Итогом большой работы П. Н. Третьякова над древностями второй половины I тысячелетия н. э. явилось его исследование о северных восточнославянских племенах — кривичах, словенах новгородских и вятичах (Третьяков П. Я., 1941, с. 4—53). Словене новгородские характеризовались на основе их древнейших погребальных памятников — сопок, кривичи — по материалам длинных курганов, а с вятичами связывались погребальные насыпи с домовинами типа Шань-ково — Почепок. Б. А. Рыбаков попытался проследить историю и восстановить территорию полян и северян не только по курганным материалам IX—XII вв., но и по памятникам III—VIII вв. Северянскими он считал городища роменской культуры, а с полянами — крупным племенным союзом, занимавшим оба берега Днепра,— связал вещи с выемчатой эмалью днепровского типа и антропоморфные фибулы (Рыбаков Б. А., 1947,с.81-105).

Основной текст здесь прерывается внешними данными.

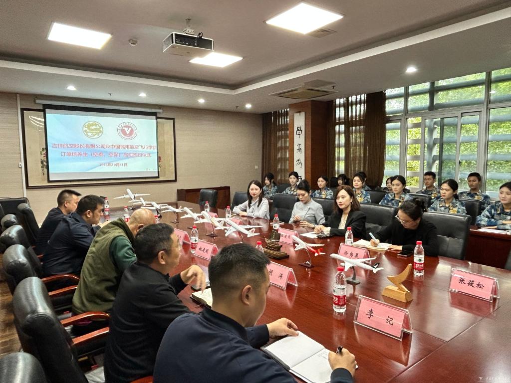 本网讯 任柯旭报道 李亚楠摄影:10月11日,中飞院与吉祥航空在行政楼三楼315会议室举行第六期订单培养生(空乘、空保)签约仪式。吉祥航空人力资源部总经理助理张凌燕、 人力资源部组织与人才管理处经理徐奕晨、人力资源部招聘经理周晓芬,太阳集团tcy8722、航空安全保卫公司相关负责人,以及公司教师代表、2024级吉祥航空订单生参加仪式。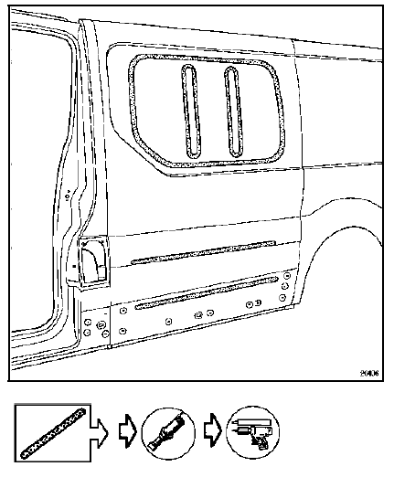 Pour les parties collées, il sera nécessaire d'utiliser un mastic de calage type m.J.Pro (référence : 77 11 172 676).

П. II. Третьякову принадлежит обобщающая работа по восточноевропейским древностям I тысячелетия н. э. и более древней поры, сыгравшая заметную роль в изучении предыстории восточного славянства (Третьяков П. Н., 1948; 1953). К сожалению, огромные материалы древнерусских курганов не были использованы в работе, что, естественно, обеднило исследование. Теперь, когда получены новые данные по восточноевропейским древностям I тысячелетия н. э., далеко не все положения книги П. Н. Третьякова удовлетворяют науку.
Для археологии послевоенных десятилетий характерно пристальное внимание к славянским памятникам третьей четверти I тысячелетия н. э. Не менее активно исследовались и синхронные древности соседнего населения. В результате плодотворных экспедиционных изысканий в общих чертах была создана этническая карта Восточной Европы накануне широкого славянского расселения (Третьяков П. Н., 1966; Седов В. В., 19706, с. 8-76; 1978г, с. 9-15).
К настоящему времени в распоряжении археологов имеется свыше 40 тысяч славянских погребальных комплексов, которые являются неоценимым источником по восточнославянской истории.
В нашем труде сделана попытка обобщения всех археологических материалов, накопленных наукой. Первый раздел книги отведен периоду, который непосредственно предшествовал сложению восточного славянства. Без изложения основных вех ранней славянской истории остались бы непонятными многие стороны расселения и формирования восточнославянских племен.
Важнейшей задачей второго раздела исследования является изучение истории племенных групп восточных славян, известных по русским летописям, условий их расселения и формирования, а также анализ взаимодействия их с неславянским населением Восточной Европы.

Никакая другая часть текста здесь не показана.